Equilibrium Knot

There are n heavy objects, each attached to a sufficiently long elastic rope. Every rope passes from the top of a table through a small circular hole, and all the ropes are tied together at a common knot x below the table. Note that the holes on the table are very small compared to the knot, so even if one object is very heavy, the knot can never fall through a hole—it can only get caught at one of them.

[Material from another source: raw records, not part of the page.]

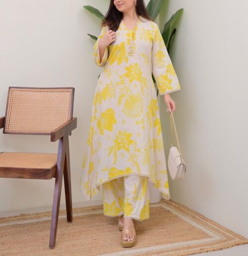 Brighten up your everyday style with this vibrant and comfortable floral printed kurti pant set crafted from premium Cotton.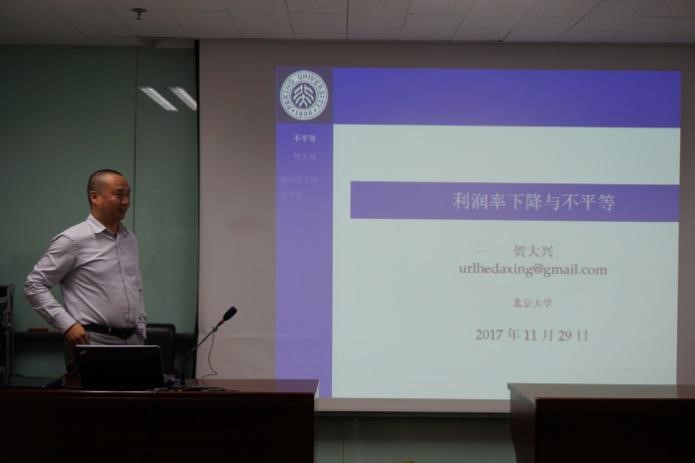 贺大兴副教授以“利润率下降与不平等”为题,从理论与现实的双重视角为我们阐析了利润率与不平等现象之间的关联。贺老师首先从理论上分析了马克思意义上的利润率及利润率下降;继而他指出,在现实情况下,无论是分析美国公司的利润率数据、英法等国的资本回报率,短期内都没有呈现明显下滑的趋势,这充分表明了理论与现实之间存在的矛盾张力。他还通过比较马克思和皮克迪的理论推演,探讨了不平等的根源。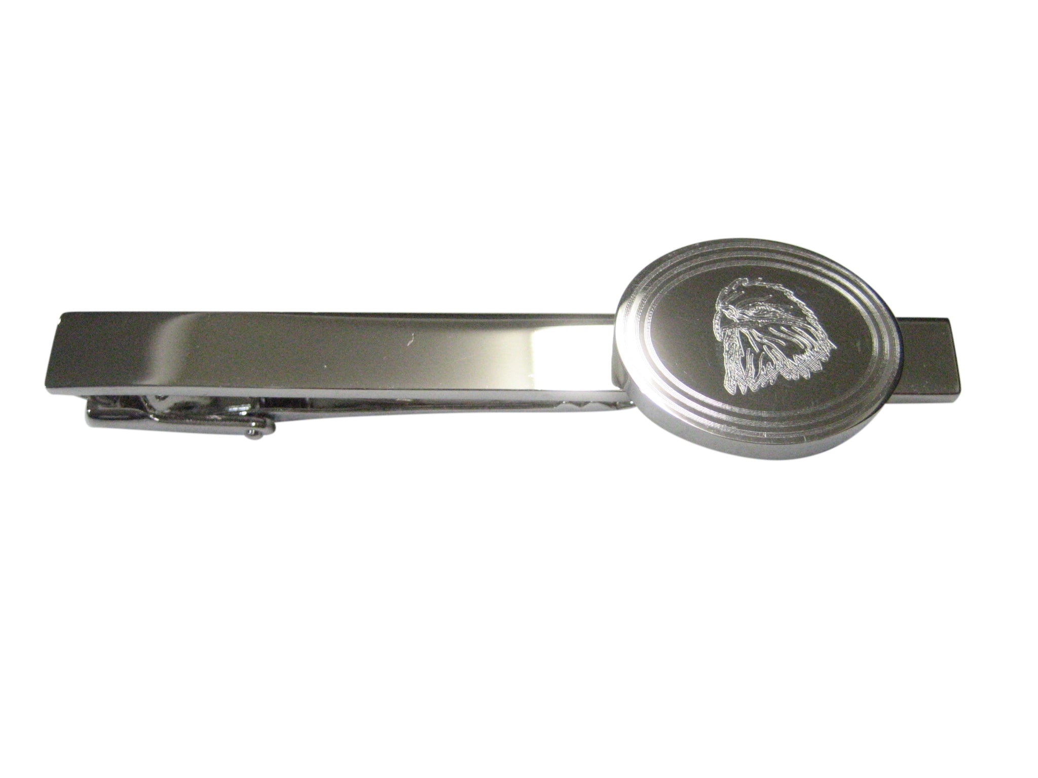 Silver Toned Etched Oval Eagle Bird Head Tie Clip

Assuming that the ropes are perfectly elastic (i.e. no energy loss) and friction is negligible, the system will eventually reach an equilibrium state. In that state, each heavy object exerts a horizontal pull equal to its weight. The equilibrium position is achieved when the total weight of objects attached to ropes whose holes are to the left of the knot is no more than half of the total weight, and similarly for those on the right. In other words, if each object is associated with a hole position h_i and weight w_i, then after sorting the pairs in increasing order of h, letting the total weight be

[ W = \sum_{i=1}^{n}w_i, ]

the equilibrium knot position is the smallest h_j such that

[ \sum_{i=1}^{j}w_i \geq \frac{W}{2}. ]

Output that h_j as the equilibrium horizontal position of the knot.

inputFormat

The first line contains a single integer n (1 ≤ n ≤ 10⁵), the number of heavy objects (and ropes).

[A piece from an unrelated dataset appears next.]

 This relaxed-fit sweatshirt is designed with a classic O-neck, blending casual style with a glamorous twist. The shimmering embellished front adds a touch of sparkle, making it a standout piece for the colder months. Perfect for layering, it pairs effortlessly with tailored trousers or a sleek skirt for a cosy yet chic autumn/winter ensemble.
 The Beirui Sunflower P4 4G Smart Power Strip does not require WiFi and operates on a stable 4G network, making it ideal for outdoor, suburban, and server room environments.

Each of the next n lines contains two space-separated integers h and w (1 ≤ h, w ≤ 10⁹), where h is the horizontal position of the hole on the table for that rope, and w is the weight of the heavy object attached to that rope.

You may assume that multiple ropes can have the same hole position.

outputFormat

Output a single integer — the horizontal position of the knot at equilibrium.

sample

3
1 3
2 3
3 3

2